Comment fonctionnent les boosters ? Cela dépend de vos gènes :

La génétique joue un rôle important dans la façon dont notre corps réagit aux vaccins et aux rappels, ce qui suggère que certaines réponses protectrices suscitées par la vaccination pourraient être plus efficaces avec la personnalisation, selon une nouvelle étude menée par des chercheurs de l’Université du Michigan.

L’équipe a également identifié une forme particulière d’un gène lié aux anticorps qui prédit, au niveau de la population, si la stimulation pour produire plus d’anticorps sera efficace pour augmenter les réponses immunitaires innées.

“Ce qui est le plus intéressant avec ce travail, c’est le concept de variabilité personnalisée et la compréhension des liens directs entre les réponses vaccinales et les différents gènes que les gens possèdent”, a déclaré Kelly Arnold, professeur adjoint de génie biomédical à l’UM et auteur principal de l’article dans Frontiers in Immunology.

L’étude a exploré comment les gens peuvent réagir différemment au rappel conventionnel, qui réexpose le système immunitaire au virus (ou à une partie de celui-ci) pour augmenter la concentration d’anticorps.

Cependant, chez certaines personnes, l’augmentation de la concentration d’anticorps peut ne pas avoir autant d’importance car leurs gènes codent pour des récepteurs immunitaires qui ne collent pas aussi bien aux anticorps – on dit qu’ils ont une affinité plus faible.

En conséquence, une personne peut avoir un nombre d’anticorps respectable et avoir une réponse immunitaire médiocre. Ainsi, une autre voie théorique de renforcement immunitaire pourrait consister à concevoir des vaccins qui modifient la structure des anticorps, ce qui rend ces anticorps plus susceptibles de coller aux récepteurs des cellules immunitaires d’une personne.

“En fonction de votre patrimoine génétique, nous avons constaté que le renforcement du vaccin peut être plus ou moins efficace pour activer certaines fonctions immunitaires innées”, a déclaré Arnold. « Et chez certaines personnes, où l’augmentation des concentrations d’anticorps était inefficace, être capable de modifier l’affinité des anticorps pourrait être la voie la plus efficace. Bien que ce soit encore un concept théorique et pas encore possible dans la pratique. »

L’équipe d’Arnold, en collaboration avec des partenaires en Australie, en Thaïlande et aux États-Unis, a créé un modèle informatique pour déterminer comment différents facteurs génétiques influencent les réponses immunitaires innées induites par le rappel du vaccin. Il utilise des données et des échantillons de plasma obtenus par l’Université de Melbourne à partir du seul essai de vaccin contre le VIH modérément protecteur à ce jour.
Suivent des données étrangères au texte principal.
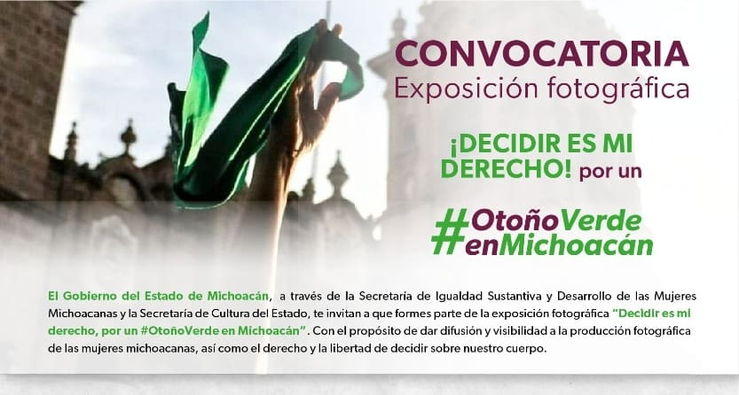 Morelia, Michoacán, 17 de agosto del 2022.- El Gobierno de Michoacán, a través de la Secretaría de Igualdad Sustantiva y Desarrollo de las Mujeres Michoacanas (Seimujer), convoca a fotógrafas aficionadas o profesionales a postular sus obras para la exposición “¡Decidir es mi derecho! Por un #OtoñoVerdeenMichoacán”, del 17 al 29 de agosto.
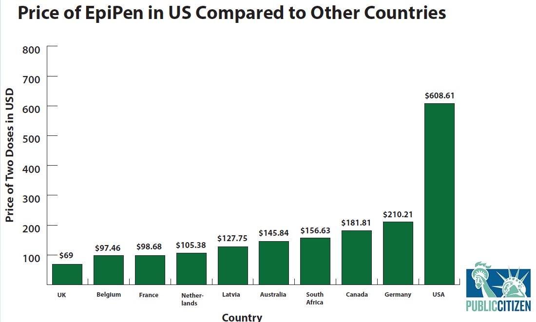 Many Americans unfairly charged 3x more for #EpiPens than people in other developed countries (via @Public_Citizen)pic.twitter.com/hO7vz8WhSm
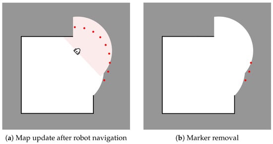 Marker removal is a step to ensure that the map remains up to date, reflecting only the areas that still need to be explored. During the robot’s navigation, at each step, it is checked whether any of the previously added markers are located in a region that has already been mapped. Specifically, a marker is removed when its cell, as well as the neighboring cells, are no longer unknown. Figure 3 illustrates the process of map updating and the subsequent removal of markers during the robot’s navigation. Figure 3a shows the map being updated as the robot maps new areas. In these updates, previously unknown regions are converted into mapped areas, indicating that the robot has already explored these cells. Figure 3b demonstrates the marker removal process.
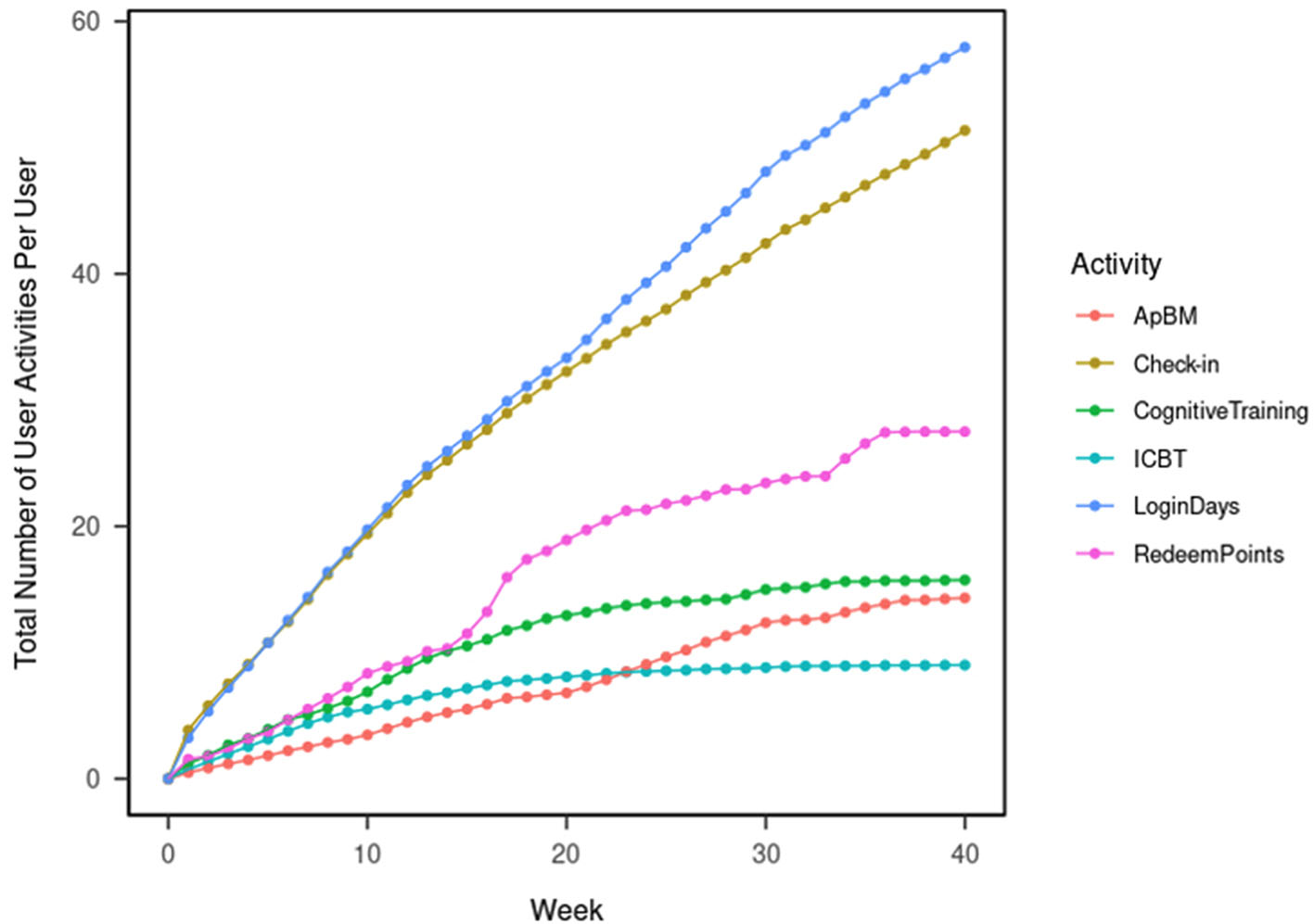 We calculate and plot the cumulative numbers of ICBT sessions, ApBM trainings, cognitive trainings, reward point redemptions, daily check-ins, and login days per user by week up to 40 weeks after initial enrollment.
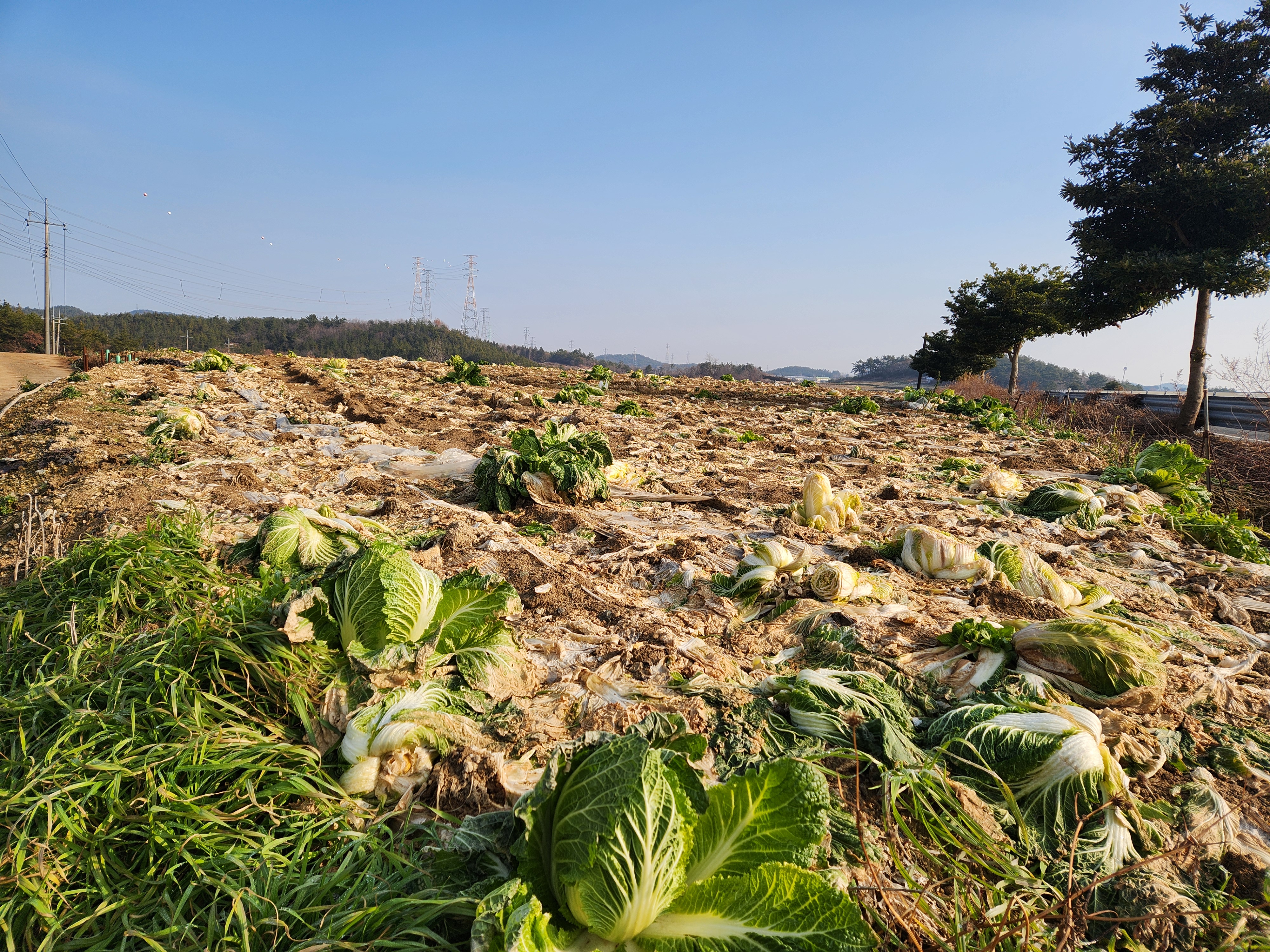 상품성이 없어 내팽겨쳐진 배추들이 넘 아깝다.

Les échantillons de plasma des participants à l’essai – essentiellement des échantillons de sang moins les globules rouges – ont montré la quantité et le type d’anticorps produits après la vaccination.

“Dans une population mixte de personnes, nous avons également montré comment un génotype spécifique déterminerait si cette population était sensible aux changements de concentrations d’anticorps attendus du rappel traditionnel”, a déclaré Arnold.

La modélisation a montré que, dans un gène qui code pour un type spécifique d’anticorps (IgG1), différentes variations peuvent prédire l’efficacité de la stimulation pour augmenter les niveaux d’anticorps dans une population donnée. Certaines populations participant à l’essai sur le VIH ont montré que l’augmentation des taux d’anticorps n’entraînait aucun changement dans les fonctions immunitaires innées qui étaient évaluées.

“Ce que cela nous dit, c’est que dans les populations présentant certaines variations génétiques, les méthodes de stimulation traditionnelles pour augmenter les concentrations d’anticorps peuvent ne pas être aussi efficaces pour améliorer les fonctions immunitaires innées”, a déclaré Arnold.

Les adjuvants sont les ingrédients du vaccin conçus pour améliorer la réponse immunitaire de l’organisme.

L’année dernière, l’équipe d’Arnold a utilisé les données du même essai pour mettre en évidence pourquoi certains vaccins influencent différemment les gens. À l’avenir, les deux études pourraient conduire à de nouveaux principes de conception de vaccins prenant en compte les caractéristiques personnalisées d’un individu.

La recherche a été financée par l’Australia National Health & Medical Research Center, l’American Foundation for AISD Research Mathilde Krim Fellowship et l’Université du Michigan.

La collaboration comprenait l’Université de Melbourne, l’Université Monash et le Burnet Institute en Australie ; l’Université Mahidol, le ministère de la Santé publique et l’Institut de recherche sur les sciences médicales des forces armées en Thaïlande ; et le Ragon Institute of Massachusetts General Hospital, l’Université de Harvard et le Massachusetts Institute of Technology aux États-Unis.

Cet article a été initialement publié par Engineering Research News.